## Exercise data:
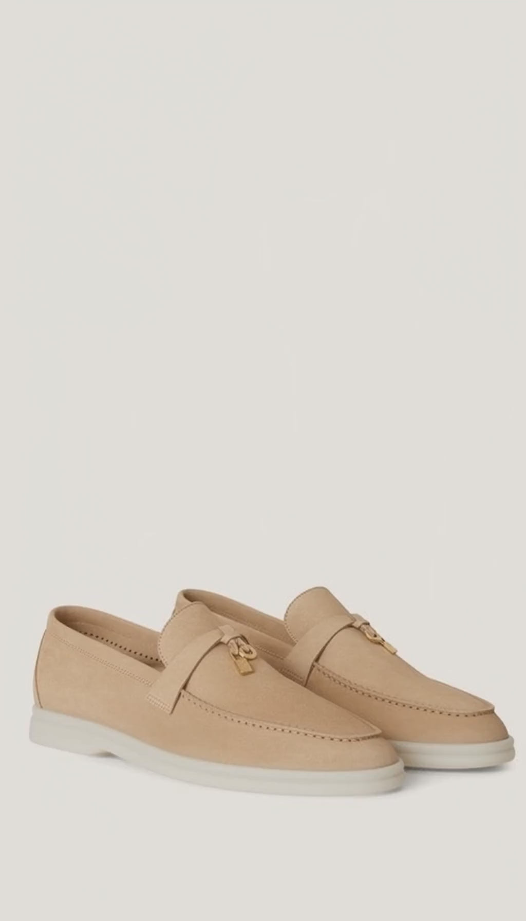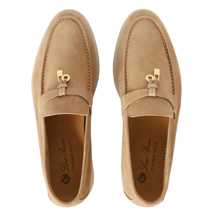 Indulge in effortless refinement with the Loro Piana Summer Walk Suede Leather Loafer in Sandstone, a masterclass in understated luxury and warm-weather elegance. Crafted in Italy from exceptionally soft, velvety suede, this iconic loafer delivers a barefoot-light feel with the polish of a true luxury staple. The versatile Sandstone hue—an elevated neutral—pairs seamlessly with linen tailoring, summer denim, and relaxed resort wear.
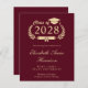 Modern budget-friendly burgundy red college graduation announcement featuring "Class of" in an illustration of a gold laurel wreath, a grad cap topper and a diploma and the graduate's name in an elegant light gold script. Add their school, major, honors or future plans.
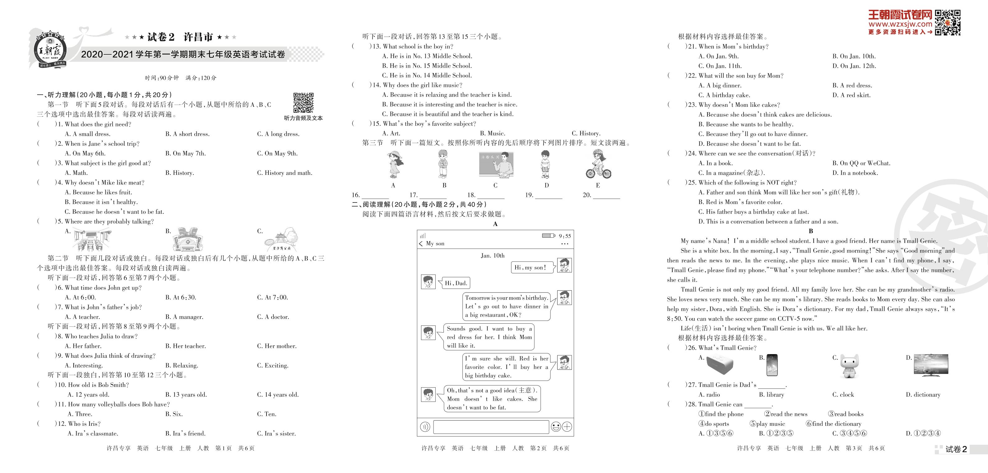 许昌市2020—2021学年第一学期期末七年级英语考试试卷(人教版)【2】
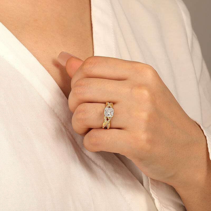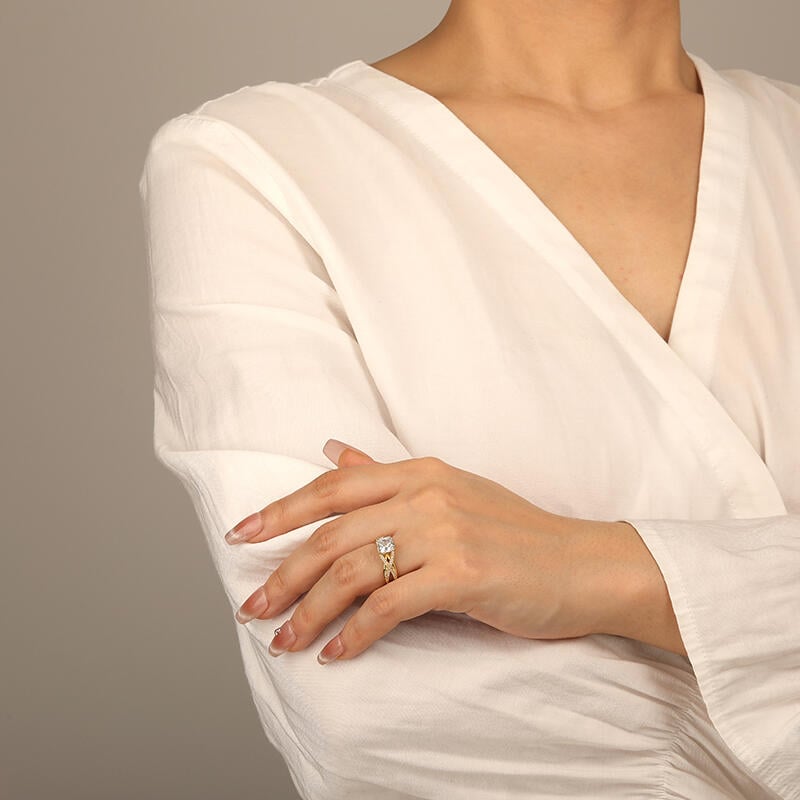 This captivating engagement ring captures the essence of eternal romance. A stunning radiant-cut gemstone forms the focal point, surrounded by delicate split shanks designed in an infinity shape. The shanks' graceful crisscrossing accentuates and frames the center stone's flawless facets, symbolizing the unending nature of love.
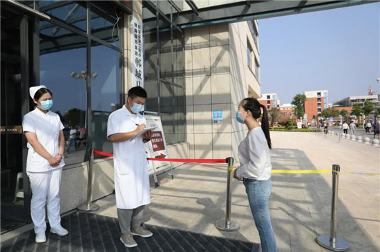 “您好,您哪兒不舒服???近期去過疫區(qū)嗎?”鄲城縣第二醫(yī)療健康服務集團鄲城縣中醫(yī)院門診樓前預檢分診入口處,分診護士正仔細詢問一名就診患者?!拔矣悬c發(fā)燒、咳嗽,10天前從某省回來?!狈衷\護士經(jīng)詳細詢問其流行病學史,在做好登記后,護士為患者更換醫(yī)用外科口罩,并引導患者到發(fā)熱門診......這是9月8日下午,在鄲城縣第二醫(yī)療健康服務集團鄲城縣中醫(yī)院開展的秋冬季新冠肺炎疫情防控應急演練的一幕。

## Task details:
Look above for the line containing "Modern budget-friendly burgundy", then copy exactly from it through the line containing "This captivating engagement", keeping both and leaving out pictures. Add nothing else.

## Response to this exercise:
 Modern budget-friendly burgundy red college graduation announcement featuring "Class of" in an illustration of a gold laurel wreath, a grad cap topper and a diploma and the graduate's name in an elegant light gold script. Add their school, major, honors or future plans.
 许昌市2020—2021学年第一学期期末七年级英语考试试卷(人教版)【2】
 This captivating engagement ring captures the essence of eternal romance. A stunning radiant-cut gemstone forms the focal point, surrounded by delicate split shanks designed in an infinity shape. The shanks' graceful crisscrossing accentuates and frames the center stone's flawless facets, symbolizing the unending nature of love.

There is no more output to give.